Ik had al vanaf het begin gezien dat het allemaal toneelspel was. Ik onthield altijd alle details. Ik had genoeg echte grenswachters gezien om er zeker van te zijn dat zij dat niet waren. Hun capes leken erg op die van echte grenswachters, maar hadden een ander embleem. Bovendien gebruikten ze heel andere wapens. Ik wist dat er iets achter zat, meer dan rijkdom, macht en mooie vrouwen. Ik had echter geen flauw idee wat.
"We zijn echte grenswachters." Probeerde hij nog. Maar het kwam er niet erg overtuigend uit.
"In een eerste oogopslag zien jullie er inderdaad zo uit. Maar echte grenswachters komen niet uit het hof van de Kersenbloesems. Bovendien zouden ze nooit zomaar indringers laten gaan. Dus ik vraag het je nog een keer. Waarom doen jullie in godsnaam alsof jullie grenswachters zijn?!"
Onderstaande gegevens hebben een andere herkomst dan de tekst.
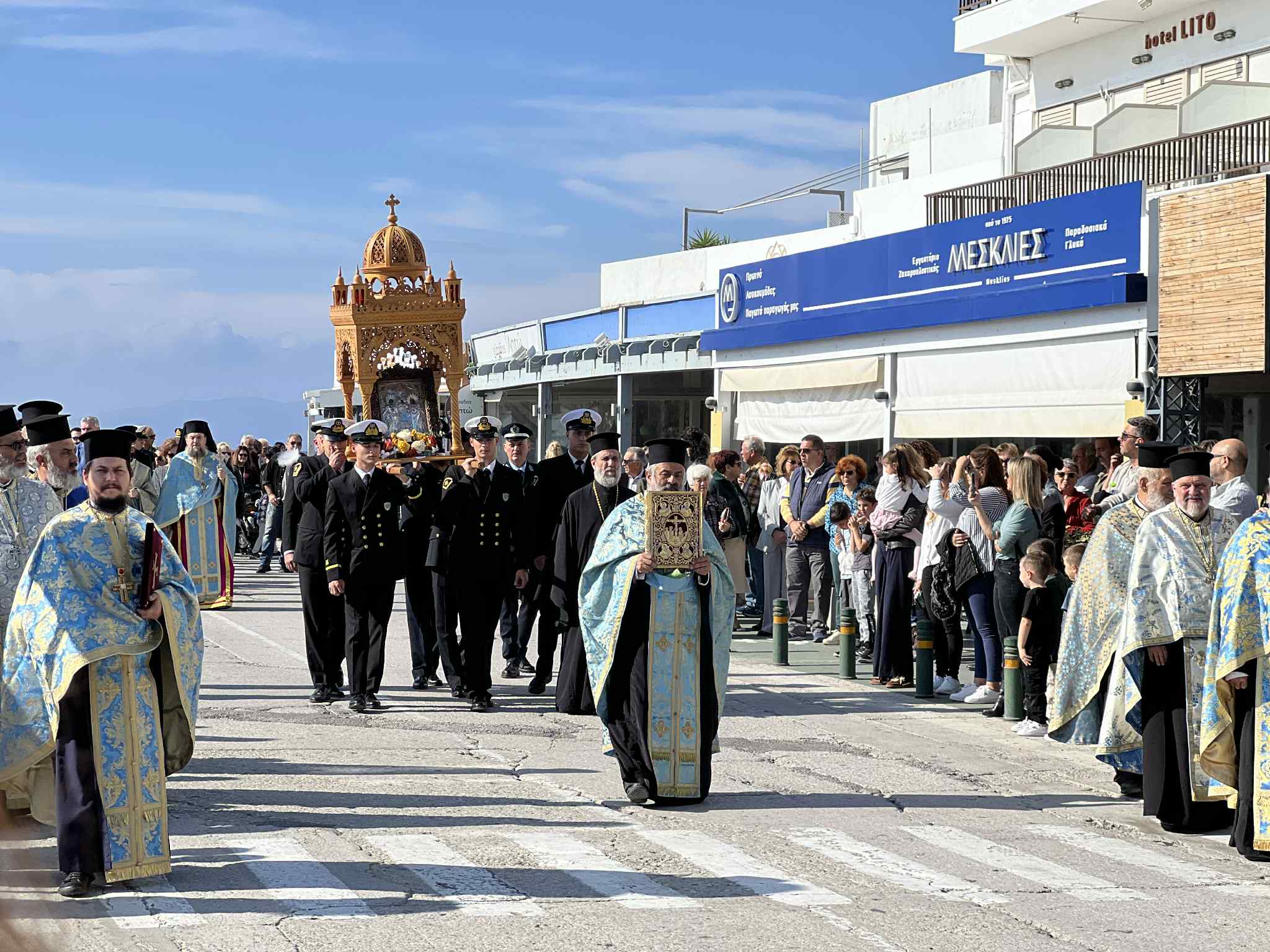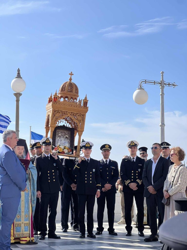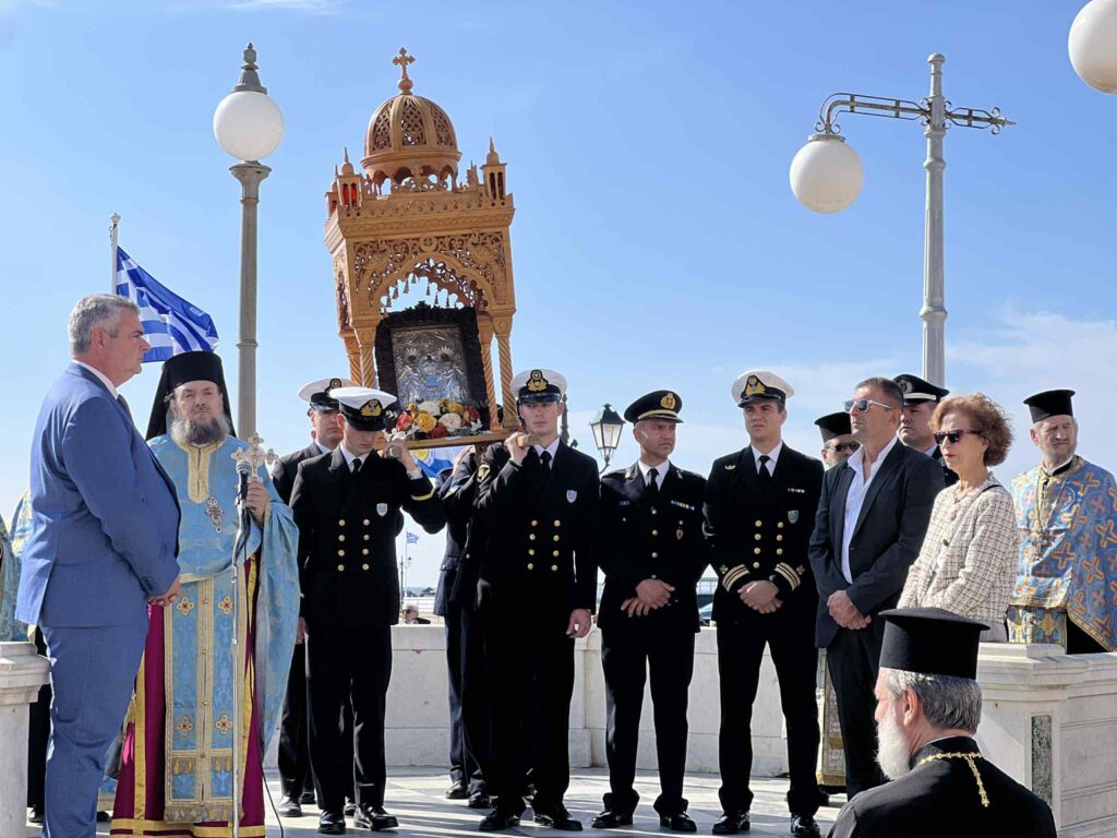 Φωτογραφικό υλικό από την σημερινή Λιτάνευση της Εικόνας των Ταξιαρχών στο νησί της Τήνου. Τελέστηκε δέση στην πλατεία Παντανάσσης και έπειτα συνεχίστηκε η Λιτάνευση και κατέληξε στον Ιερό Μητροπολιτικό Ναό των Παμμεγίστων Ταξιαρχών.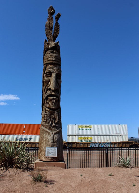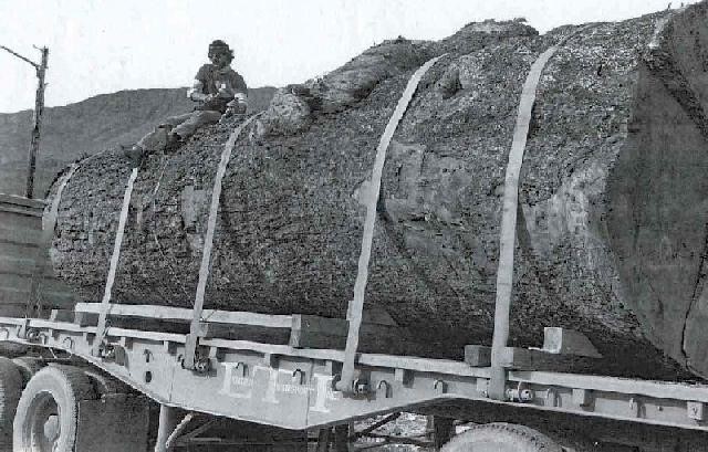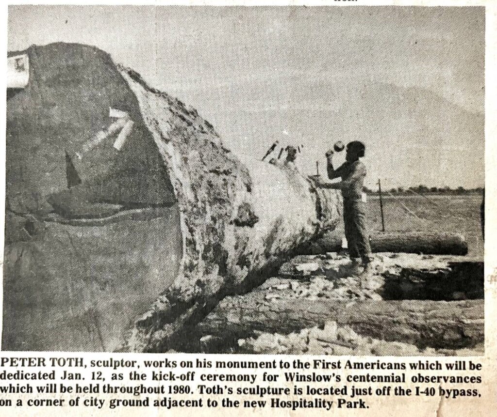 From the Winslow Mail, Thursday, January 3, 1980, Peter Toth carving a 3000 pound log Ponderosa pine to create this 20 foot tall statue.

De doodsangst stond nu in zijn ogen te lezen. Bibberend ademde hij uit.
"Het was Noël's idee." Begon hij snel. "Ik heb hier niks mee te maken."
"Ja, ja. Liegen tegen mij heeft geen zin. Vertel me wat je weet." Ik drukte hem nog wat steviger tegen de boom aan.
Vuil keek hij me aan.
"Noël vermoordt me." Fluisterde hij meer tegen zichzelf dan tegen mij.
"Oké dan. We zijn gekomen voor dat vriendinnetje van je."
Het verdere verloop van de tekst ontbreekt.